Perante isto, o Tribunal aceita a veracidade do documento e a utilidade da informação nele contida para a resolução de uma das questões a decidir nos presentes autos, ou seja, a necessidade de correção de registos contabilísticos relativos a relações inexistentes e fraudulentas contabilizadas perante o sócio, mas que não correspondiam à verdade. E a forma como foi feita, por conta de resultados transitados – sobre o que existe acordo, entre as partes – sem inscrição como gasto ou despesa.

 

V. Matéria de direito

V.1 Introdução e sequência: as questões dos autos

As questões dos autos são as seguintes:

a) Alegada preterição de formalidade essencial: por desconsideração de testemunha arrolada em sede de processo inspetivo.

b) Saber se certas despesas (relativas a fornecimentos e serviços externos – subcontratos e trabalhos especializados) estão ou não em correlação com o rendimento tributável (relação com a obtenção ou garantia de rendimentos sujeitos a IRC), devendo ser ou não desconsideradas na determinação do lucro fiscal, nos termos do art. 23.º, n.º 1, do CIRC.

c) Saber se certas faturas emitidas por fornecedores preenchem ou não os requisitos de documentação dos gastos, nos termos do art. 23.º, n.º 4, al. d), do CIRC.

d)  Se, em 2018, se podem deduzir ao IRC certas despesas que dizem respeito ao exercício de 2017 (despesas com os fornecedores I..., Lda. e N..., Lda), nos termos e por interpretação do art. 18.º do CIRC.

e) Saber se a redução do valor registado na contabilidade de uma dívida a um fornecedor (e sócio) implica ou não a uma tributação autónoma, para efeitos do IRC, nos termos do art. 88.º, n.º 1, al. a), do CIRC.

f) Saber se, em IVA relativo aos gastos desconsiderados em sede do art. 23.º, n.º 1 e 4, do IRC (questão b) e c) supra), se verifica ou não o direito à dedução do imposto suportado nos inputs, nos termos e na interpretação do art. 19.º, 20.º e 36.º, n.º 5, do CIVA.

Cada uma destas questões, será tratada e decidida seguidamente.

 

V.2. Alegada preterição de formalidade essencial: não audição de testemunha arrolada em sede de processo inspetivo

Como indicado nos factos provados, na audição prévia (antes do relatório final e liquidações de imposto), a A... solicitou que a Requerida ouvisse uma testemunha, por entender que esta poderia auxiliar a inspeção na descoberta da verdade, sobretudo na matéria dos gastos alegadamente sem relação causal com a obtenção ou garantia de rendimentos; o relatório de inspeção tributária recusou tal audição, com motivação clara a expressa: preferência pela prova documental; ser dispensável tal depoimento, por não estar em causa a atividade ou funcionamento dos projetos, mas sim a justificação dos gastos, face aos rendimentos declarados.

A Requerente advoga a existência de um vício de procedimento, por preterição de formalidade essencial, por a AT, circunscrita totalmente a critérios de legalidade e justiça, ter recusado liminarmente a recolha de prova que seria útil para a verdade e influenciaria, seguramente, o ato tributário.

A Requerida sustenta, em síntese, que na descoberta da verdade material não tem de satisfazer todos os pedidos do contribuinte, podendo recusá-los, desde que expresse concretamente os fundamentos para tal – o que fez no caso concreto.

O tribunal arbitral decide no sentido da inexistência de qualquer violação de lei ou vício de procedimento: não existiu qualquer violação da audição prévia, inquisitório ou preterição de formalidade essencial.

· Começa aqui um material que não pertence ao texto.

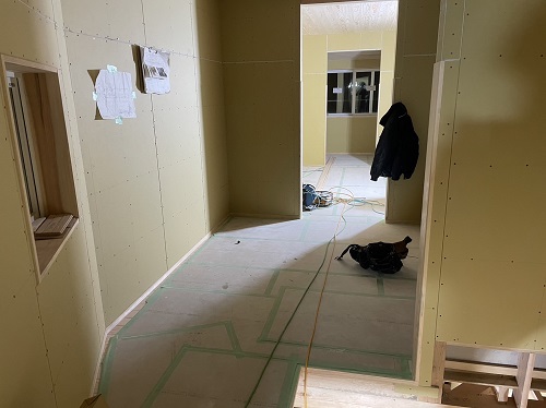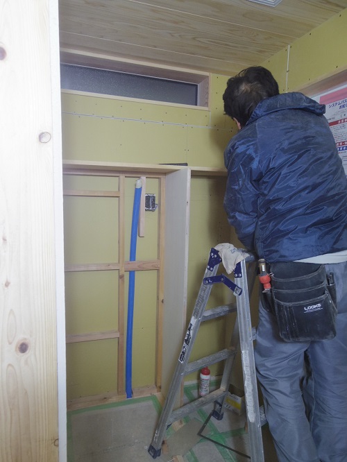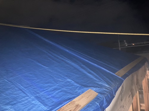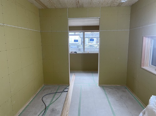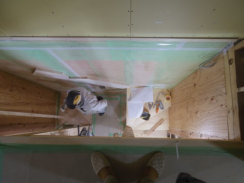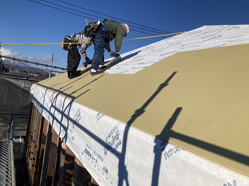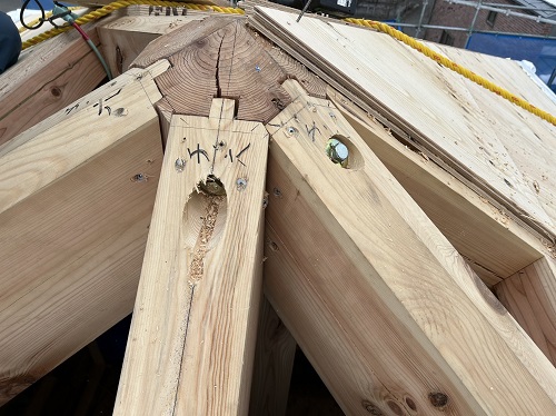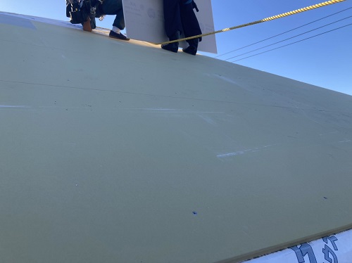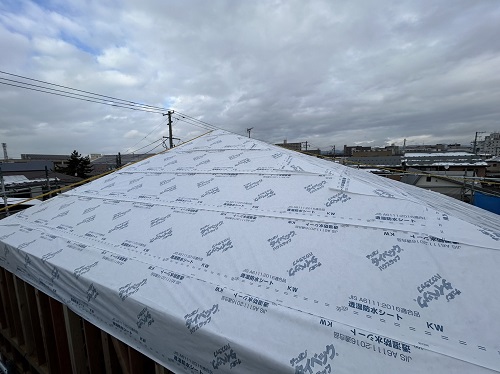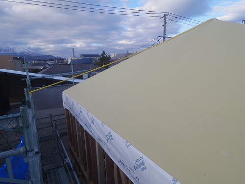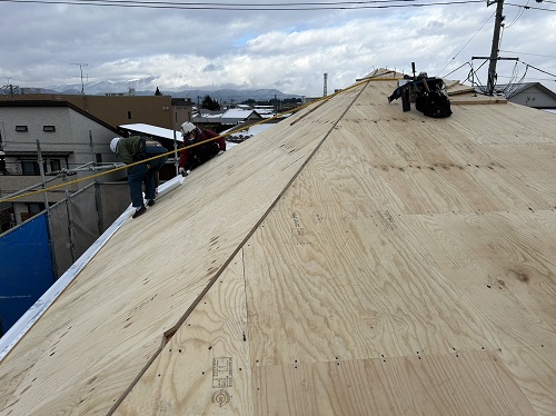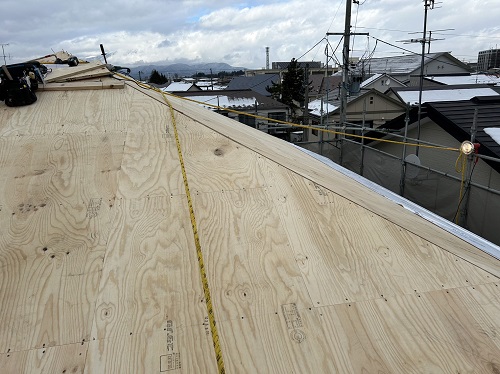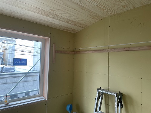 木造三階建ての防火構造規定による屋根の防火PBを張り込んでいます。それが出来てからの屋根垂木工事へと進みます。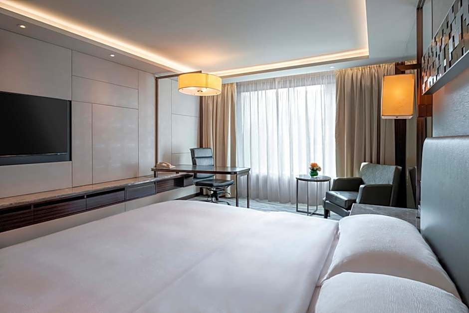 Offering amazing views of Victoria Harbor and Hong Kong skyline, this room comes with a 46-inch flat-screen TV, Bose sound system, capsule coffee machine, Executive Lounge access and a spacious marble bathroom with a pillow menu.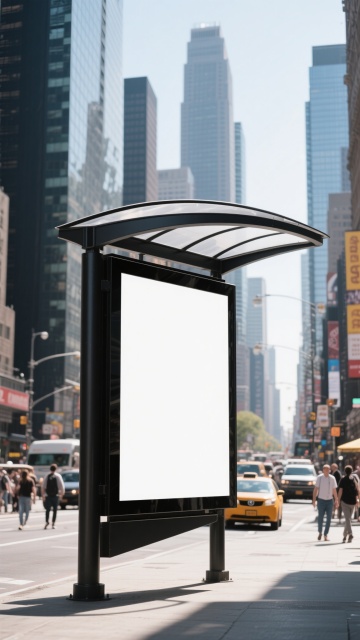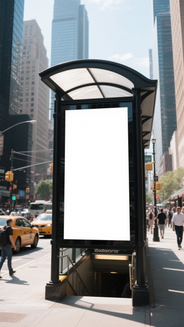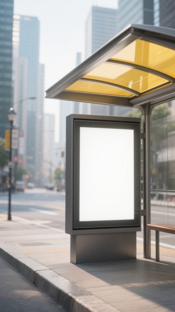 写实风格户外灯箱广告场景,灰色石质纹理墙面背景,金属边框灯箱嵌于建筑外立面上,灯箱面板为干净的白色,顶部有黄色秋叶局部点缀,前景有模糊动感的行人剪影,采用自然侧光照明,呈现清晰的阴影层次和真实的材质质感,营造现代都市的宁静氛围,灯箱设计简洁大方,符合商业户外广告展示需求,具有高信息传达效率和视觉层级感。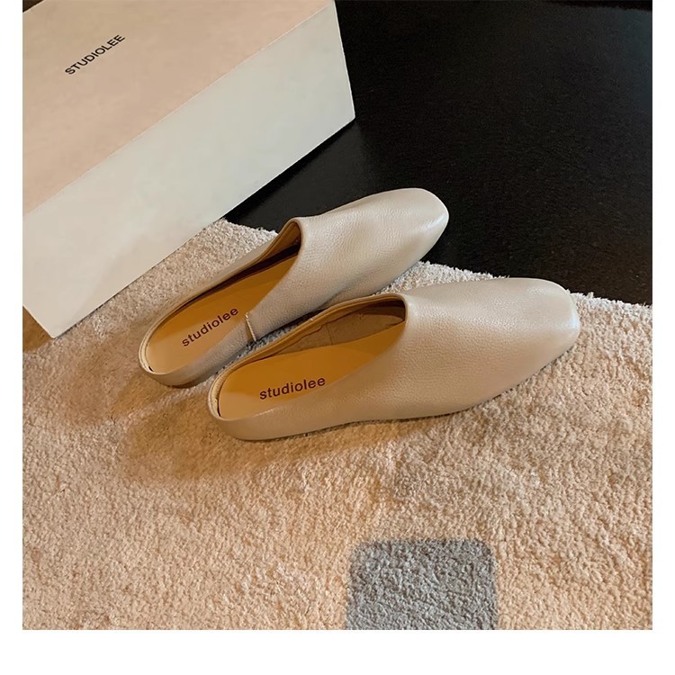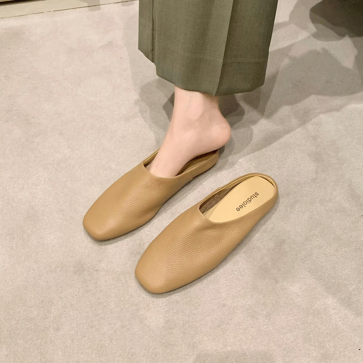 양가죽 포도 엄마와 똑같은 스타일, 여름 아우터로 착용하기 좋은 부드럽고 착용하기 쉬운 여성용 토캡 슬리퍼, 슬립온 뮬러 하프 슬리퍼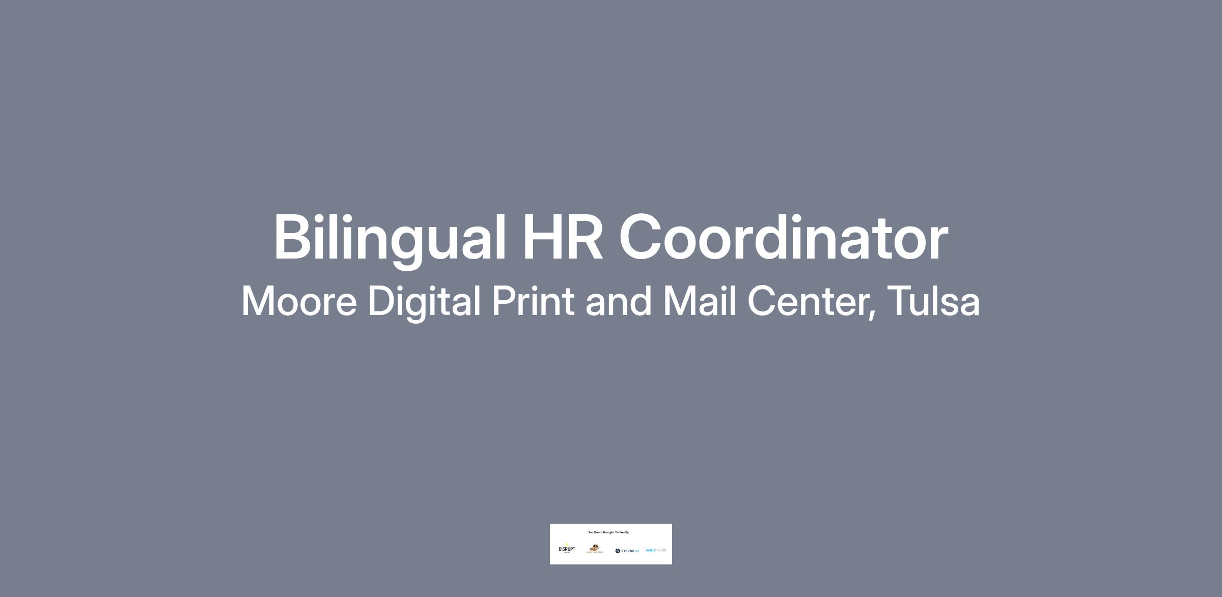 Moore Digital Print and Mail Center, Tulsa is looking for a Bilingual HR Coordinator. This is the ideal role for someone that desires to grow their HR skillset and wants to work with a high-performing team at an established company.

Os argumentos são os seguintes.

a) A Autoridade Tributária move-se, em exclusivo, por critérios de legalidade e justiça, no sentido da descoberta da verdade material, ainda que desfavorável aos interesses patrimoniais e financeiros do Estado;

b) O contribuinte tem o direito de participar no procedimento – oferecendo provas e argumentos para que a AT prossiga a sua atividade inspetiva: inclusive, com a solicitação, na audição prévia, de que a AT ouça determinada pessoa, por o seu depoimento poder influir na decisão do processo, no sentido do apuramento da verdade material.

c) A AT não está, porém, obrigada a efetuar tal inquirição – mas não o fazendo, tem de fundamentar concretamente os motivos dessa não audição, inscrevendo-os no relatório de inspeção tributária, sob pena, se o não fizer, de vício do procedimento e violação de lei.

d) É este o sentido do Ac. do Tribunal Central Administrativo do Norte (proc. n.º 00768/10.6BEPNF, de 30/03/2017), que acompanhamos: “V - Se, fundamentadamente, a Administração Tributária não realiza as diligências de prova, por entender não serem indispensáveis à descoberta da verdade material, não incorre em qualquer ilegalidade por violação do direito de audição. VI - Tendo o procedimento tributário como objetivo a descoberta da verdade material, a Administração Tributária, que dirige o procedimento, e com vista a essa descoberta, tem o dever de apurar todos os factos, independentemente de os mesmos serem ou não desfavoráveis ao sujeito passivo e do requerimento deste nesse sentido. VII - A recusa pela Administração Tributária de praticar diligências Requeridas pelo contribuinte ou a não averiguação dos elementos necessários à descoberta da verdade material, com a consequente violação do princípio do inquisitório, consubstancia um vício procedimental, que é fundamento de ilegalidade do acto tributário ou em matéria tributária e suscetível de determinar a sua anulação. VIII - Isto não significa, porém, que a Administração Tributária esteja obrigada a realizar todas as diligências Requeridas pelo contribuinte, pois aquela não está condicionada na condução do procedimento às pretensões dos contribuintes.»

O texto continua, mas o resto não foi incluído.